Sometimes movies are so bad that they’re good. Whether it’s because of a befuddling plot or laughable acting, these films find their strength in their inability to get things right. Unfortunately for us, this is absolutely not the case with director Scooter Corkle’s latest film, The Friendship Game. The movie, which tells the story of four high school friends who end up having their friendship tested after playing a mysterious game meant to reveal the true strength of their bonds with one another, is downright terrible.
While exploring a local yard sale, Cotton Allen (Kaitlyn Santa Juana as a character whose name is the first of many references to Clive Barker’s Hellraiser) discovers a hefty looking metal polyhedron amongst the usual tchotchkes. An older woman approaches her and asks if she “knows who [her] friends are,” explaining that the object is a game in which players must place their fingertips on the surface of the shape and take turns voicing their deepest desires. In doing so, the friendship between the players will be tested, and only the truest of friends will survive the challenge. This scene, which is an obvious rip off of Hellraiser (“What’s your pleasure, Mr. Cotton?”), does not feel like an homage or nod to its original source material but rather an unoriginal copy that sets the tone for what is arguably one of the most confusing 87 minutes in horror movie history.
What makes The Friendship Game so goddamn unwatchable is the fact that its script was seemingly written by someone who had a lot of ideas and no real understanding of how to properly turn them into something coherent. Right from the start, viewers are thrown into the mess of a plot trying to understand just how Cotton and her friends got ahold of the game in the first place (Can we just refer to it as The Lament Configuration, because honestly, that’s what it is). Did they purchase it from the lady at the yard sale or did it just mysteriously show up in Cotton’s room one day? No one knows. In fact, much of the movie is just as unnecessarily confusing that writing a review of it feels almost impossible to do. Scenes jump around in complicated and disjointed ways, and even though there seems to be some underlying message here about the dangers of technology (or the internet? Or cell phones? Or friendship?) and teens, whatever that message is gets lost to the cyberspace from which it came.
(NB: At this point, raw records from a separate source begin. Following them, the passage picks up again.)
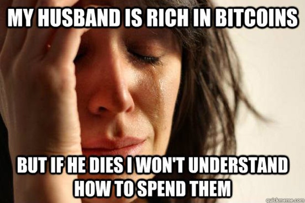 "My husband is rich in bitcoins, but if he dies then I won't understand how to spend them."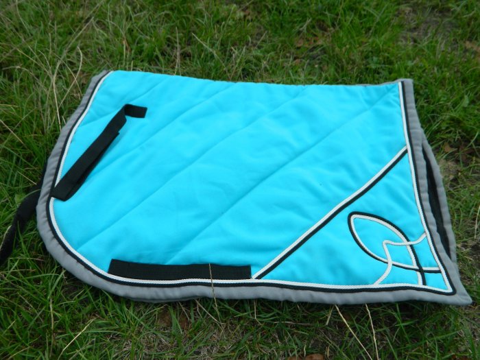 Prodám nenošenou doma šitou podsedlovou dečku pod skokové sedlo ideálně s posedlím 17 a méně. Pod 17,5 je malá. Krásná tyrkysová barva. Žádné fleky. Slabší materiál. Na koni vypadá moc hezky. V případě zájmu přeměřím. Cenu nabídněte nemám pro ní využití. Při odběru více věcí dohoda o ceně možná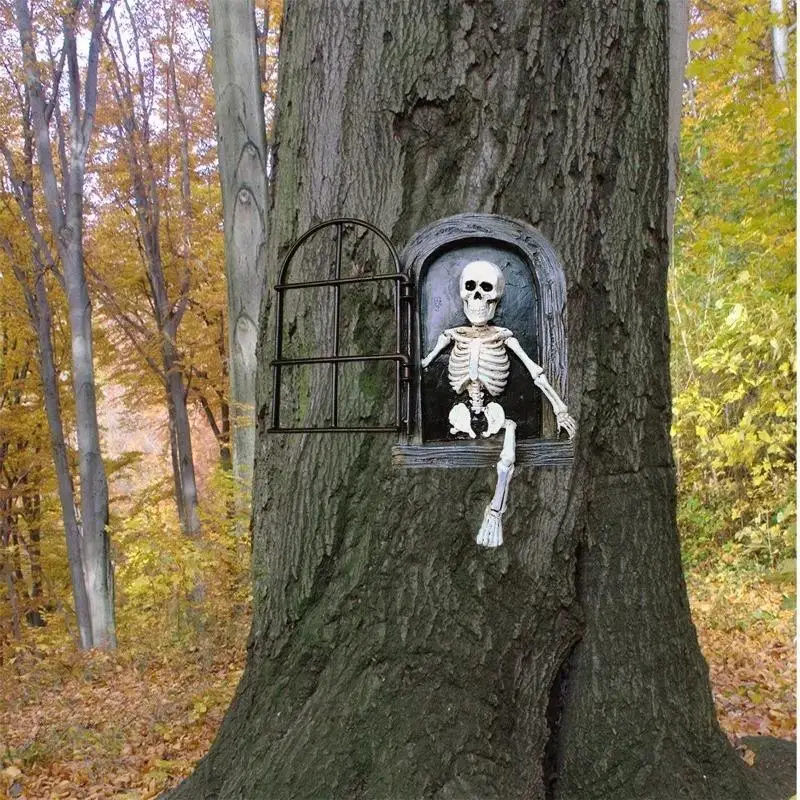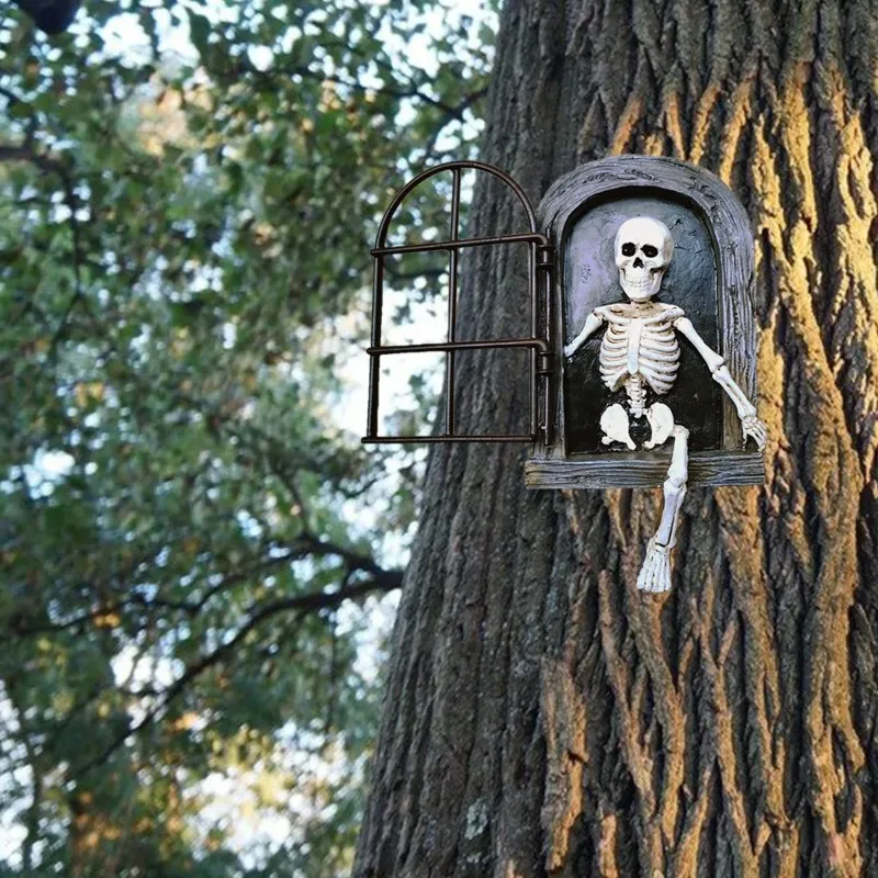Decoración de jardín de Halloween, apertura de ventana, esqueleto de Terror, escultura para exteriores, colgador de resina, artesanías, accesorios de jardín de hadas para el hogar

When the friends sit down to actually play the game, what follows is one of the least suspenseful scenes to ever play out on screen. There’s no magical shuddering or noise that comes out of the mysterious shape. No strange lights or sounds or quaking of the furniture in the room. Instead, literally nothing happens, and we are flashed forward (or backwards? Who knows? Who cares?) to some rager of a party that all four friends are busy getting crunk at because this is their last summer before college and omg their worlds are about to end fr real, you guyz (It should be noted that Cotton’s biggest desire is to essentially never grow up to become a parent, god forbid). Things only get more confusing from here as Cotton mysteriously disappears leaving the rest of her group to try and figure out what happened to her.
The rest of the movie is full of convoluted and confusing plot lines involving everything from a supremely stupid love square (because a triangle would be too easy) to a weird kid hacker named Kyle (Dylan Schombing) who gets his kicks from hacking into the web cams (because apparently this is 2005 and all of these teens are Peyton Sawyer from One Tree Hill) of high schoolers and watching them do whatever it is that they do (i.e. sex and crying). At some point, the remaining three friends realize the game is granting them their deepest desires (though to those watching this may seem very unclear), and a lot of moody angst and unexplained and misplaced gore follows.
Fans of The Karate Kid spin-off Cobra Kai may find themselves drawn to this mess of a film because of Peyton List who plays Tory Nichols on the aforementioned show. Here, she plays a similar hardened teen named Zooza, and she honestly might be the only good part of this entire movie. She’s spunky and convincing in all the right ways which is remarkable considering what she was given to work with. The remaining two teens, Robbie (Brendan Meyer) and Courtney (Kelcey Mawema), also manage to do quite a lot with very little, though one has to wonder how anyone would be hung up on the character of Robbie when it looks like he goes to the same hairdresser as Will Byers from Stranger Things. But no matter how interesting or convincing the characters can be, The Friendship Game is so unnecessarily complicated that it’s probably better to just skip it and go watch the original Hellraiser instead.